Last NAME 閃光の英雄と闇の奏者 第四章
精霊玉
第1話
愛紀那に連れられ凛珠たちはまず、第一の中継地点となる葉月一族の社へ向かった。愛紀那の話では五つの中継地点を経由しなければ葉月一族本邸へはたどりつけないらしい。さすがに警戒が厳しいということだろう。
「これって確か、古の大妖を封じるためのものだよな」
社を見て修一が愛紀那に尋ねた。
「はい。同時にここに光の女神を祀ることで、大妖を神の力を借り、封じております」
愛紀那が言った。彼女の視線の先には戦乱を逃れ、社に避難してきた人々の姿があった。
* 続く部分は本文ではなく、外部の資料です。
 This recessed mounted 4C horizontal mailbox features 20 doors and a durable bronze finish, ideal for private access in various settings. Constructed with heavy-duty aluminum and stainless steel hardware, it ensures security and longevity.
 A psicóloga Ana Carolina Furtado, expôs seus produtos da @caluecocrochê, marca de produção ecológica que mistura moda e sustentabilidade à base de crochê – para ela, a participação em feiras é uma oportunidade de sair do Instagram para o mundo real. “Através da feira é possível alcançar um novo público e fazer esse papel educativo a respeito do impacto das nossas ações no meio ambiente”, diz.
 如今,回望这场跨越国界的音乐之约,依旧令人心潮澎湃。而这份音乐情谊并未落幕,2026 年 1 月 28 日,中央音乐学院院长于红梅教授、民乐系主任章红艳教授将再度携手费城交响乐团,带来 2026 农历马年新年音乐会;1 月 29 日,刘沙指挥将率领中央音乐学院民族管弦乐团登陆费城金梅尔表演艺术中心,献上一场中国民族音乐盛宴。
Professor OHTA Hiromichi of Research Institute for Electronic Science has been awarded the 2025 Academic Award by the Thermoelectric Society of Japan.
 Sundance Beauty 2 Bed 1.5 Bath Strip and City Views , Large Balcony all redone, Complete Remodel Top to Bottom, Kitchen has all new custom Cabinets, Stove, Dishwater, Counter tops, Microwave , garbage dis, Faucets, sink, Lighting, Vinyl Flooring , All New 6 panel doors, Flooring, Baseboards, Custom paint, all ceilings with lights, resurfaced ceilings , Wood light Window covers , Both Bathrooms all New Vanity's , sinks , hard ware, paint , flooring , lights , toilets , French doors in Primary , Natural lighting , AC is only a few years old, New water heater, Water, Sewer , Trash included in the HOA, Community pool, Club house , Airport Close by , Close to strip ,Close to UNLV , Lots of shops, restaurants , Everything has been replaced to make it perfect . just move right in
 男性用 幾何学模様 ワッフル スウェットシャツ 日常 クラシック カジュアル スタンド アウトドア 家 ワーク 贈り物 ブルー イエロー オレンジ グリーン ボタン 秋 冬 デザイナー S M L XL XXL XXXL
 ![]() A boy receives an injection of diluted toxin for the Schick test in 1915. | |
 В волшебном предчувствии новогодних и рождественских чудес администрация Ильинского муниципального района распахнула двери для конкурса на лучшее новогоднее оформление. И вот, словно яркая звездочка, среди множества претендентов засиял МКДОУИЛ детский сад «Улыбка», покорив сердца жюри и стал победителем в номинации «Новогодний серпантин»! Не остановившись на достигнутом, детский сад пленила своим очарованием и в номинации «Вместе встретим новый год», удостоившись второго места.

紅陽一族の人々は一族の仕事でほとんどが出払って人々の心身の治療にかけずり回っているが、それでは、絶対的に必要数が足りていないのだ。狂った葉月一族のなかで、当主は元の軌道に戻そうとはしているが、いかんせん、日にちが足りておらず、葉月一族たちの気持ちを変えるのにはまだ至っていないということだろう。狂ってしまったものは、そう簡単には戻らない。
「葉月一族がああなったのはなぜか、知っているか?」
凛珠は尋ねた。『蒼き鳥』が調査をしても、あの閉ざされた一族の情報などはめったに手に入らない。千尋の『千里眼』すら葉月一族のことは何一つ映らない。
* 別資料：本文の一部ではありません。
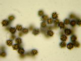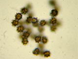 Mikromerkmale vom Exsikkat (2018 mikroskopiert): HDS: Die schmalen zylindrischen, nicht gelifizierten Endzellen der Epicutis entspringen aus deutlich verdickten, teil puzzelteilartig aufgetriebenen Zellen; Sporen: breit ellipsoid bis subglobos, Ornament aus Stachelwarzen, kräftigen Graten und feinen Linien, nicht netzig, aber deutlich gratig, teils angedeutet zebriert, Ornamenthöhe ca. 0,5-1,2 µm; Stachelwarzen fast spitz; Plage inamyloid; Maße: 8,2 x 7,1 (7,3-9,7 x 6,6-8,0), Q=1,16, 20 Sp. gemessen; Bestimmung: Unklar. 2006 offenbar aufgrund der Huthautstruktur ss. Basso als britannicus bestimmt. Die deutlich gratigen Sporen mit inamyloider Plage sprechen aber auch nach Basso eher für fulvissimus, wenngleich die Stachelwarzen locker über 0,8 µm Höhe erreichen. |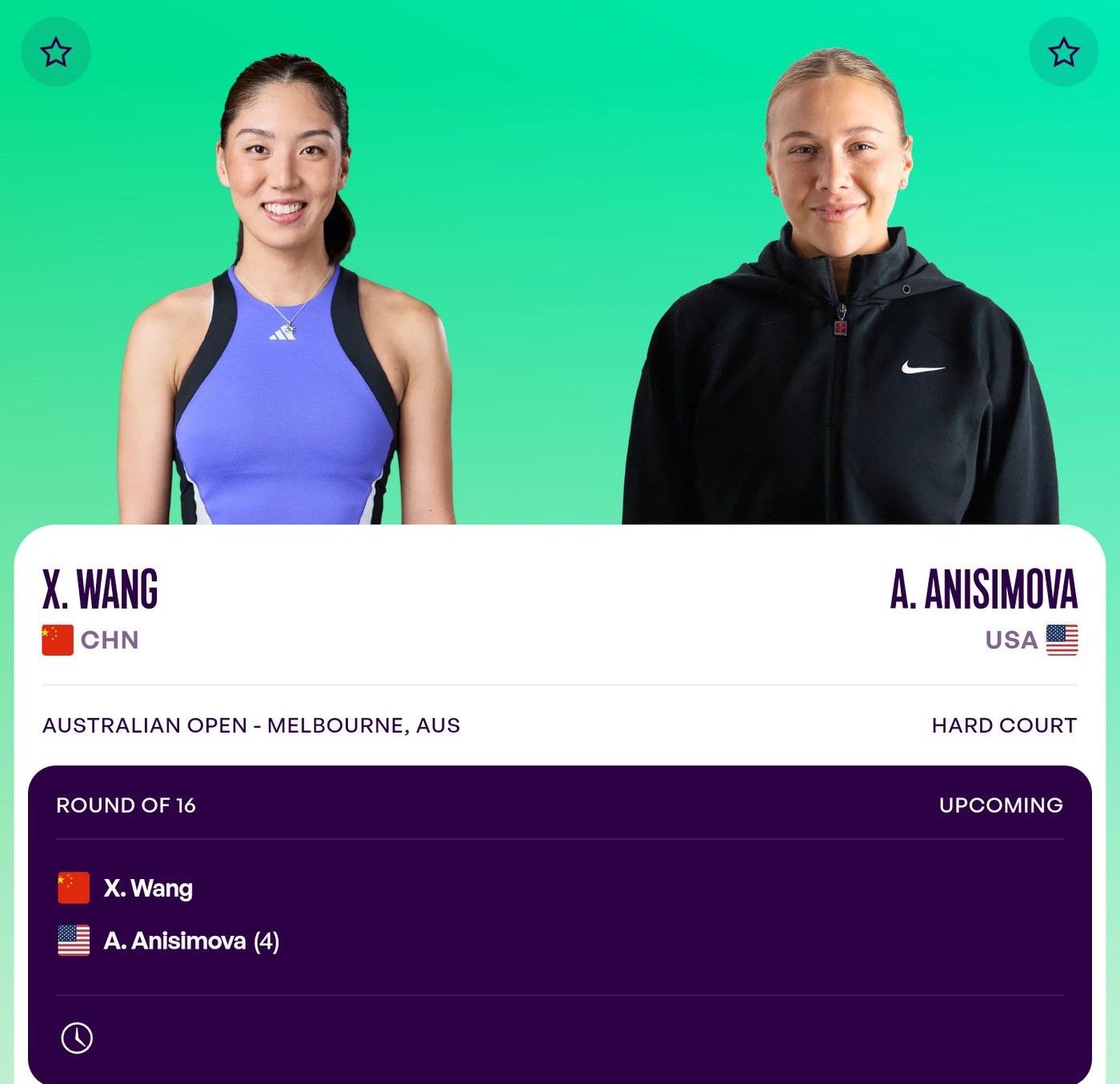 The Australian Open women's singles round of 16 match tomorrow (1.26) will see Wang Xinyu face Anisimova, live on CCTV-5 and Yangshipin.

「・・・私も詳しいことは知りませんが、先代の当主が、ある葉月一族の姫、・・・何代か前の『柱』らしいのですが、彼女がとんでもない『異能』を持っていたせいで、その力を得るために異能の継承にのみ一族の力を注ぐようになったとか・・・」
その言葉に凛珠は顔をしかめ、千尋はうんざり顔になり、修一はぽかんとなった。
「……え、ナニ?ということはその力がほしいからとんでもない方向に走ってたわけ?」
修一が言った。
「そのようです」
愛紀那の言葉に修一は顔をひきつらせた。
「うわーありえねぇ」
修一が気持ち悪そうに言った。凛珠の顔は盛大に顔が引きつっているし、千尋にいたってはもはや話を聞く気がなさそうだ。
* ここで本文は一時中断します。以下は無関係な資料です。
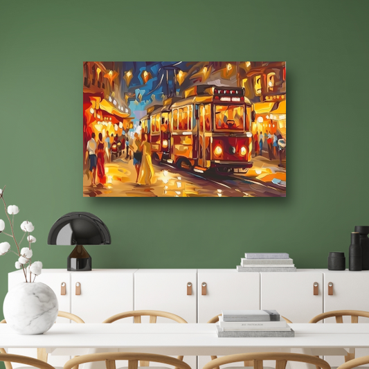 Levendige Stadstram in Kleurrijke Nacht canvas
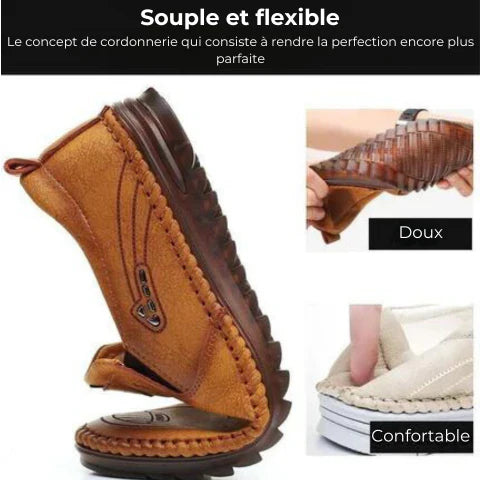 Découvrez des mocassins qui combinent parfaitement confort et style. Grâce à leur cuir souple de haute qualité, ces mocassins s’adaptent à chaque mouvement tout en offrant une douceur incomparable. Leur semelle flexible et antidérapante garantit un confort optimal tout au long de la journée.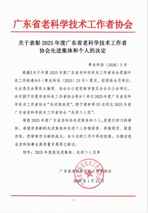此次获评“先进集体”,是仲恺老科协继2024年获中国老科协“科学技术奖”之后的又一突破。面向2026,仲恺老科协将紧扣“十五五”开局和粤港澳大湾区国际科技创新中心建设,持续深化“银龄行动”,在决策咨询、乡村振兴、科学普及、助企创新等领域再立新功,为广东在推进中国式现代化建设中“走在前列”贡献仲恺银龄智慧与力量!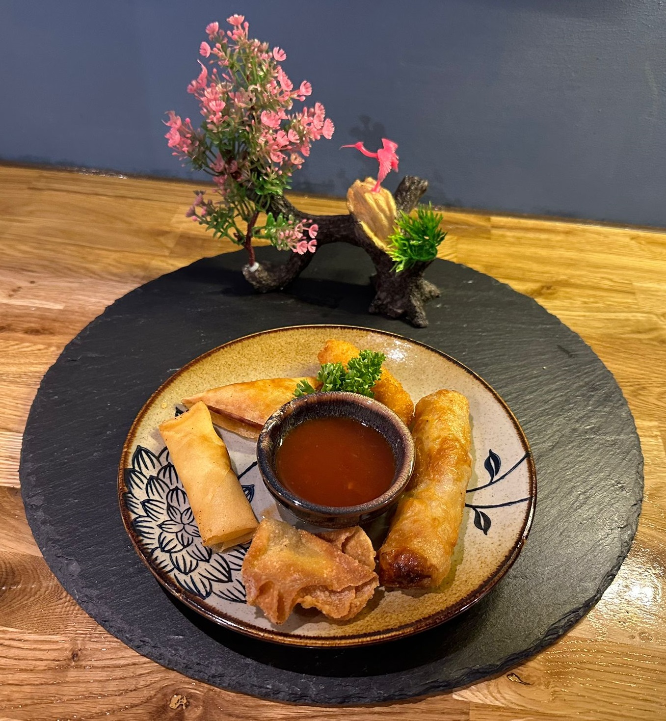 Mit Sake verfeinertes Hackfleisch - Schalotten und junge Möhren werden in ein dünnes Teigbett gerollt und goldbraun frittiert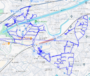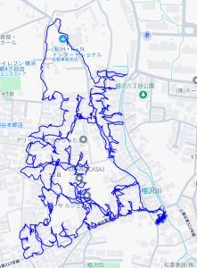 ※上図は榎が丘をポスティングした際のGPSデータです。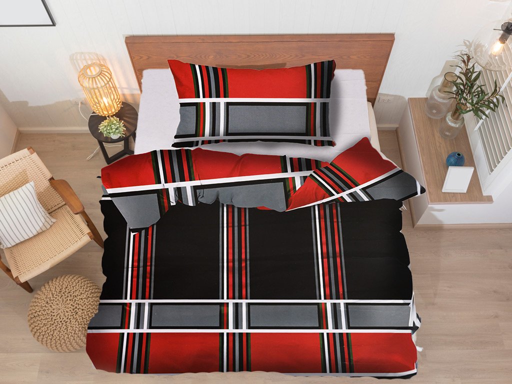 Pościel bawełniana KRATKA czerwona

「それにしても、とんでもない『異能』だと?考えたくもないな」
『とんでもない』がつく『異能』は本当にやばいのだ。凛珠の『異能』もそのたぐいに入るが、凛珠の場合は一応本人の手に負える代物なので『とんでもない』のレベルは低い。だがその葉月一族の姫の持っていた『異能』はそれとはケタが違うのだろう。なんせ紅陽一族の人間ですら『とんでもない』というレベルなのだから。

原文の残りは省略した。